Intellectual? Property? Rights?
Trademarking the syllable D’Oh — which 20th Century Fox has done — seems to make each word of the phrase “intellectual property rights” somehow wrong.
It must be noted, however, that D’Oh is not the worst offender among trademarked sounds. Who knew, for example, that Federal Signal Corporation (what is that?) had a trademarked sound or that it appeared on the US Patent and Trademark Office kid’s page? And the list goes on of forgettable chimes, tones, beeps, horns, dings, as well as the William Tell Overture. It’s amazing how much time lawyers seem to have on their hands to cause mischief.
Our question is this: has James Lileks trademarked Yeagh!, which might actually be worth doing?

March 21st, 2007 at 8:56 am
The Constitution authorizes patents and copyrights as a means to “to promote the progress of science and useful arts.” In large and increasing measure, this mechanism for incentivizing progress has been perverted into a means for impeding it.
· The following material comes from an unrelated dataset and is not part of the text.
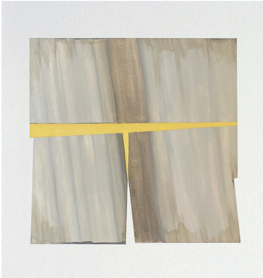
Quatuor - Or , peinture par Noémie Langlois-Meurinne

Maybe the immediate roots of the problem are in the 1970s and 1980s when Japan et al took unimplemented American research and turned it into highly competitive inexpensive products. In response, the legal system was ajusted to prevent this from happening again (which was apparently fine with Japan once it had become a developed country); such special-interest adjustments became more drastic when the Internet took off. It’s not surprising that these solutions have spawned new problems with serious implications for the nation’s future.